A-11487130
Decided by Regional Commissioner April 1, 1960 Approved by Assistant Commissioner April 15, 1960
Nonquota status, section 6, Act of September 22, 1959 — Applicant under section 245 is eligible although not related to petitioner at time of arrival.
Spouse of alien admitted for permanent residence under Refuges Relief Act of 1953 qualifies for nonquota status under section 6 of Act of September 22, 1959 despite occurrence of marriage after both parties had arrived in the United States.
APPLICATION: Adjustment of status to permanent residence on basis of eligibility for nonquota status under section 6, Public Law 86-363.
BEFORE THE REGIONAL COMMISSIONER
Discussion: This case has been certified to the Regional Commissioner by the District Director, Hartford, who has approved the application.
The applicant is a twenty-nine year old married female, a native and citizen of Greece, who last entered the United States on June 12, 1958, as a visitor for pleasure.
On July 6, 1958, she married S____ G____ K____, a permanent resident alien who was admitted on November 5, 1956, under section 4(a) (3) of the Refugee Relief Act of 1953.
A visa petition filed by the applicant's husband to accord her third preference quota status under section 203(a) (3) of the Immigration and Nationality Act was approved on November 24, 1958.
The applicant applied for adjustment of status on September 30, 1959, to that of a permanent resident under section 245 of the Act, as amended, claiming that she was eligible for nonquota status under section 6 of Public Law 86-363.
Section 6 of the Act of September 22, 1959 (Public Law 86-363), reads as follows:
Notwithstanding the provisions of sections 3 and 20 of the Refugee Relief Act of 1953, as amended, special nonquota immigrant visas may be issued to aliens eligible to enter the United States for permanent residence under all the applicable provisions of the Immigration and Nationality Act: Provided, That each such alien is found to be the beneficiary of a visa petition approved by the Attorney General pursuant to section 203(a) (2) and (3) and section 205 of the Immigration and Nationality Act prior to January 1, 1959, and such petition was filed by a person lawfully admitted into the United States under the provisions of the Refugee Relief Act of 1953, as amended: Provided further, That, upon his application for an immigrant visa, and for his admission into the United States, the alien is found to have retained his relationship to the petitioner, and status, as established in the approved petition.

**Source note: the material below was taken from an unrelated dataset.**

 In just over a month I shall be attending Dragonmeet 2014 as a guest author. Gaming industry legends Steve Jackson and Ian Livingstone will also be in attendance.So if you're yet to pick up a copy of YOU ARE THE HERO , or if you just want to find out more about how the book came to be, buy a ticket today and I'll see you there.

All the prerequisites for nonquota status described in section 6 of the Act of September 22, 1959, supra, are present in this case. The applicant's husband was lawfully admitted for permanent residence under the provisions of the Refugee Relief Act of 1953. A visa petition in her behalf filed by her husband was approved under section 203(a) (3) prior to January 1, 1959, and at the time of her application for adjustment of status she was found to have retained her relationship to the petitioner, and status, as established in the approved petition.

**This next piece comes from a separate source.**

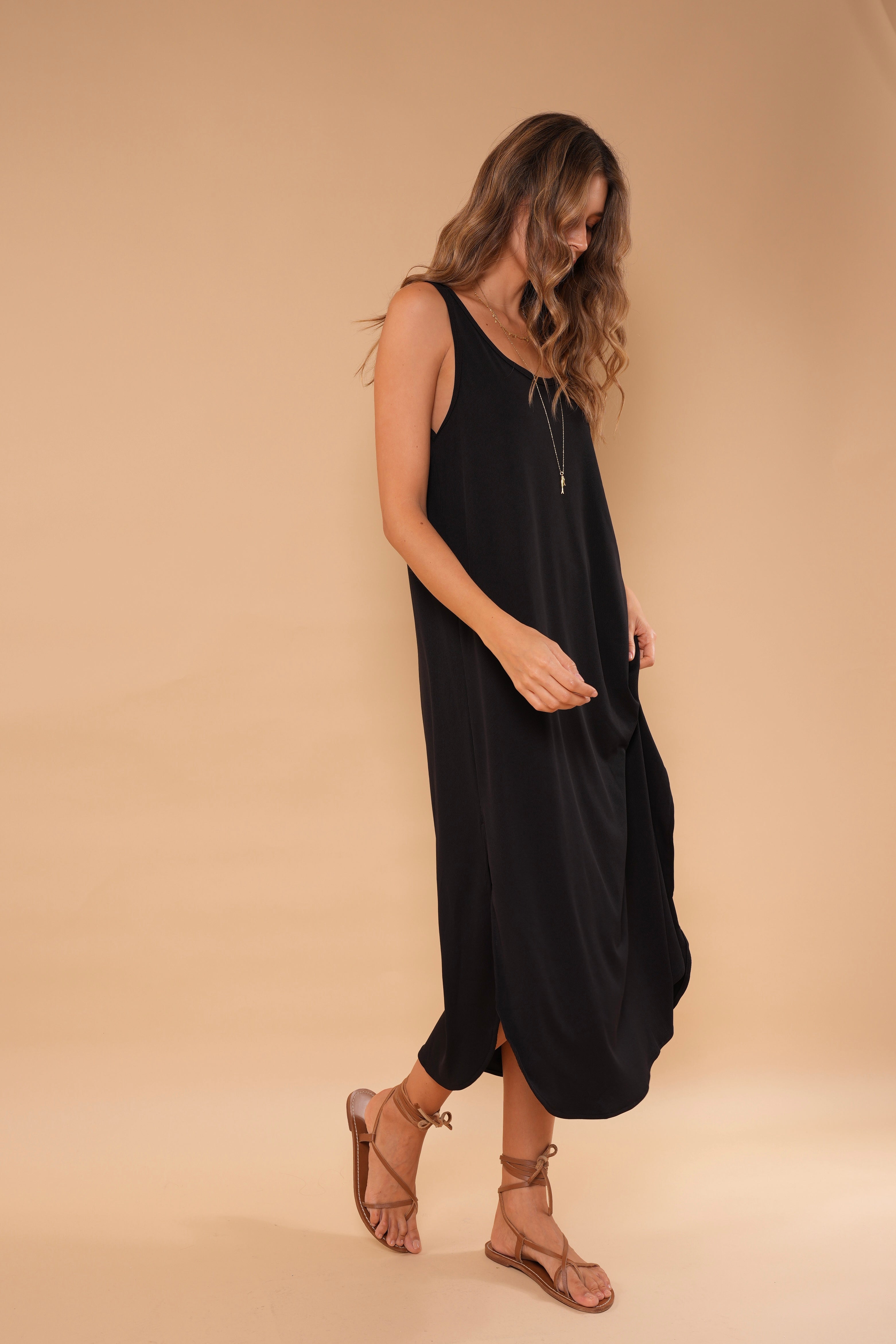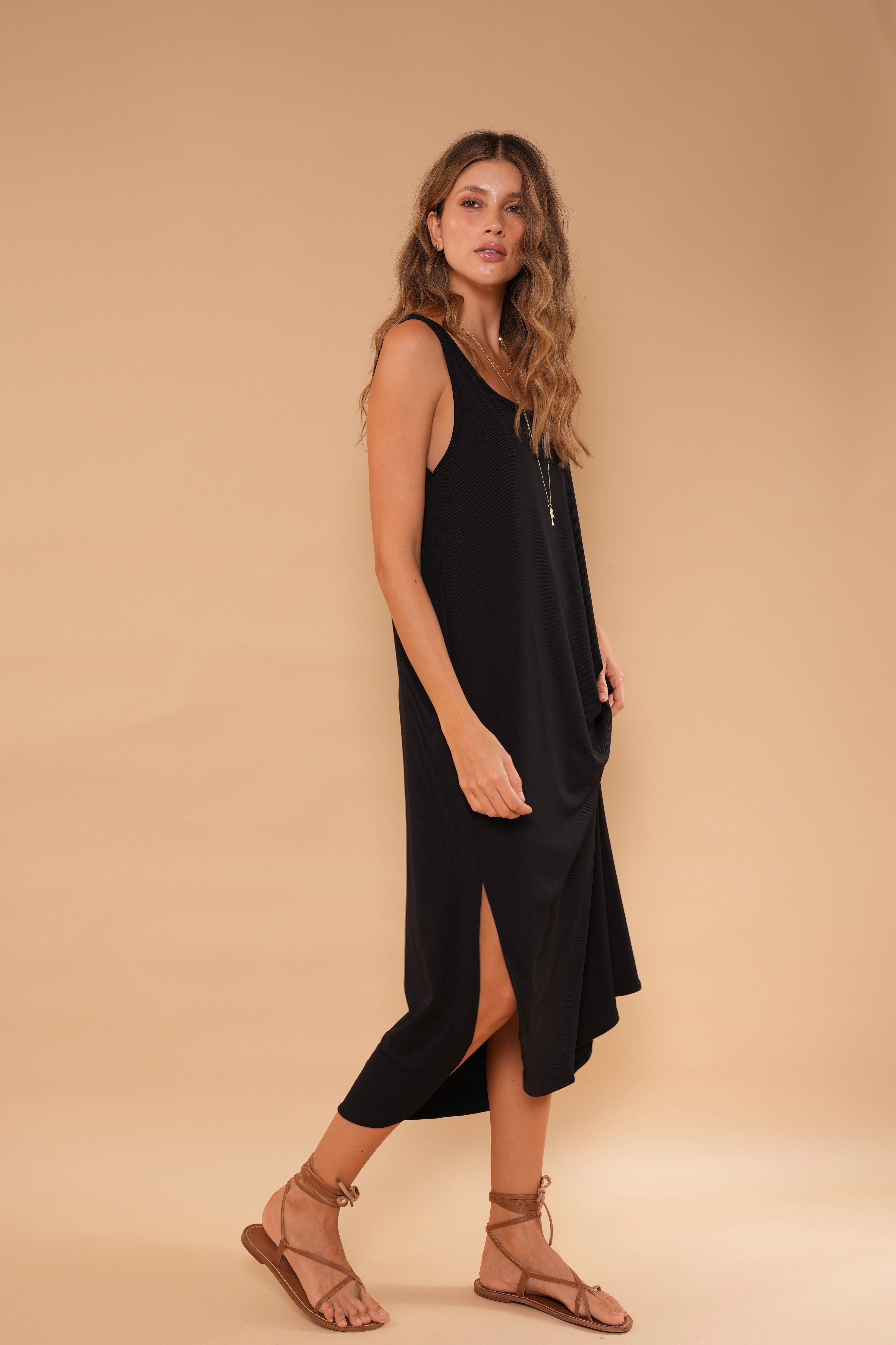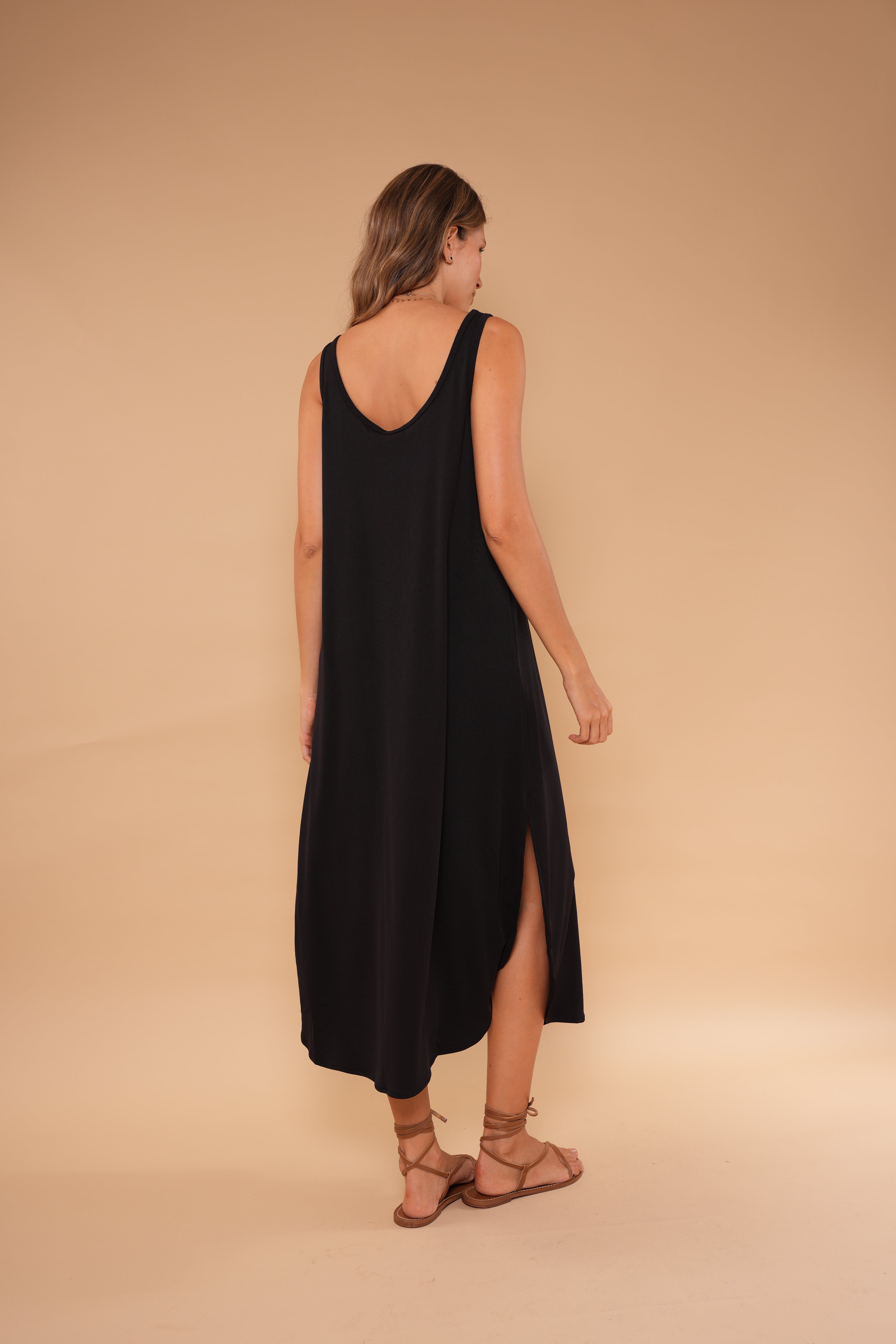 Vestido negro largo básico, en tela Rib con elongación, manga sisa y abertura al costado de la falda, fresco y cómodo.

The sole question before us is whether section 6 of the Act of September 22, 1959, was intended to benefit persons who were not related to the petitioner at the time he was admitted to the United States for permanent residence under the Refugee Relief Act of 1953. In this case the petitioner was single when he arrived in this country and did not marry the applicant until after he had been in the United States for over a year.
The wording of the statute is clear and unambiguous. In this instance if the applicant were outside the United States, she would clearly come within the scope of section 6 of the Act of September 22, 1959. We are satisfied that she was a bona fide nonimmigrant at the time of her last entry. We are satisfied there is nothing in the provision of section 6 of the Act of September 22, 1959, which would preclude the exercise of the benefits of the same section through proceedings under the provisions of section 245 of the Immigration and Nationality Act. Accordingly, it is held that the applicant is eligible for a special nonquota immigrant visa.
Order: It is ordered that the application for status as a permanent resident be granted.